One day in May, Cruise went on patrol with little thought of combat. Negotiations were going on to end hostilities.
The day after Cruise's patrol, another team on patrol was ambushed by suspected SS troops. There were no American survivors.
Rage swept the Division, Cruise said. Every artillery piece, tank, heavy machine gun, rifle was turned on the village.
"Every gun we had, we gave it a T on T -- Time on Target," he said. "We wiped it off the map. We just annihilated the whole village.
"That was after we'd seen Buchenwald."
But perhaps the day that stands out came March 31, 1945.
"I can hardly talk about it today," Cruise said, his voice getting soft and low. "He saved me so many times."
The platoon was ordered to make an assault on German infantry spotted in a wooded area near the town of Werkel, Germany. Such an attack seemed senseless, to the enlisted men through the non-coms, all the way up to Cruise. The war was nearly over, lives would be lost needlessly.

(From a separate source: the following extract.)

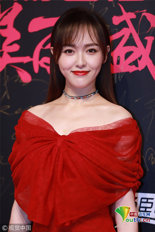 唐嫣紅色紗裙知性溫婉 胸前蝴蝶結(jié)點綴盡顯俏皮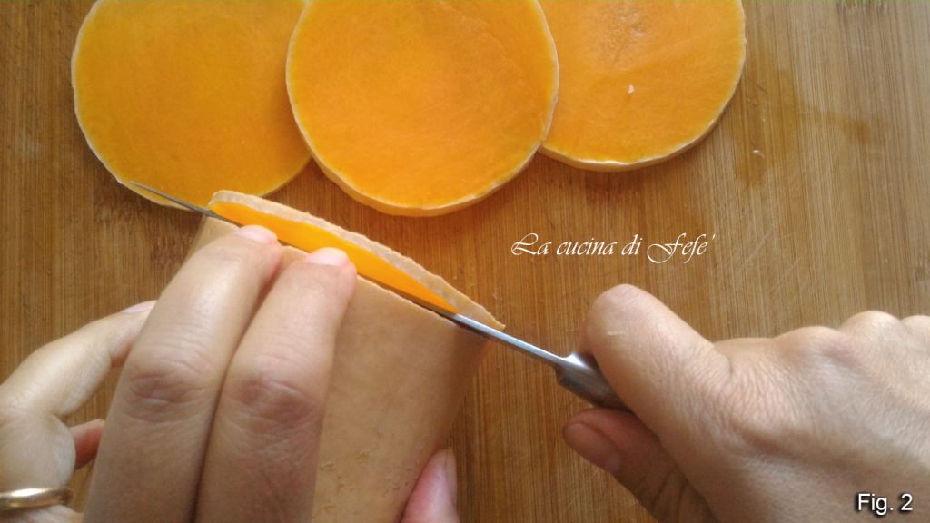 • Cortad también la calabaza en láminas muy finas de aprox. 1-2 mm como máximo.

In addition, the enemy infantry in the woods below were supported by at least one Tiger tank, one of the most feared tanks of the entire war.
Cruise protested vehemently to the captain ordering the assault. Roberts pulled Cruise away when the XO threatened court martial if the attack wasn't carried out.
From top to bottom, the platoon knew the commander was suffering from battle fatigue and wasn't thinking clearly. But orders were orders.
The infantry moved out slightly ahead of two Sherman tanks and two armored half tracks. Before they'd crossed much of the open field before them, in came the "screaming meemies" -- shells from the 88s. Cruise and his infantry flattened themselves in between rows of sugar beets laid out for drying.
They could hear it before they could see the thing. The barrel of a Tiger tank slowly rose over a slope below. The Tiger rumbled into the middle of the field laying down a crushing fire. The two half tracks were ablaze within seconds. A Sherman was knocked out, an ugly smoking hole in its side.
"It was a frontal assault, a frontal assault," Cruise said. "But, man, they had their Tiger tanks. They had two of my half tracks before I could get out there. The (Sherman) tanks, they were turning and leaving us. They didn't want to get hit."
Trying to live up to his promise of getting the men home safely, Cruise led the men out of the withering fire and behind the ridge. For his effort, he was awarded the silver star.
In 1995, Cruise and his wife were on their way through Tennessee when a name came to him, a name he'd tried to forget for 50 years: Roberts.
"It all just came flooding back," he said. "And when I thought about it, I thought about how his sister had tried to get in touch with me after the war. I answered her like, 'Go away; you don't need to know. War is war.'"
But standing in the town square of Lexington, Tenn. before a monument to a dead soldier, Cruise admits he stood there "with a heavy heart, and I don't mind saying, with a few tears."
As he turned to leave, he noticed "a little white-haired lady" walking toward him. She wanted to know what happened to her brother, what happened to Sgt. Willie Roberts 50 years after he was killed at the battle near Werkel, Germany.
"And she says, 'You're John Cruise,'" he said.
"'You've got to be Elizabeth,' I said. She wanted to know how he was killed. Did he suffer? Were you with him? I told her, no, he died instantly when the half track went up. I was 50 yards away."
Cruise, who turned 85 two weeks ago, believes war is cruel, unfair. But in order that humanity might not make the same mistakes again, he recommends the past be remembered by those who came after, released by those who were there.
"I keep trying to tell these veterans you got to talk it out, it's still there," he said. "You've got to tell the story wherever you go -- tell it, tell it, tell it."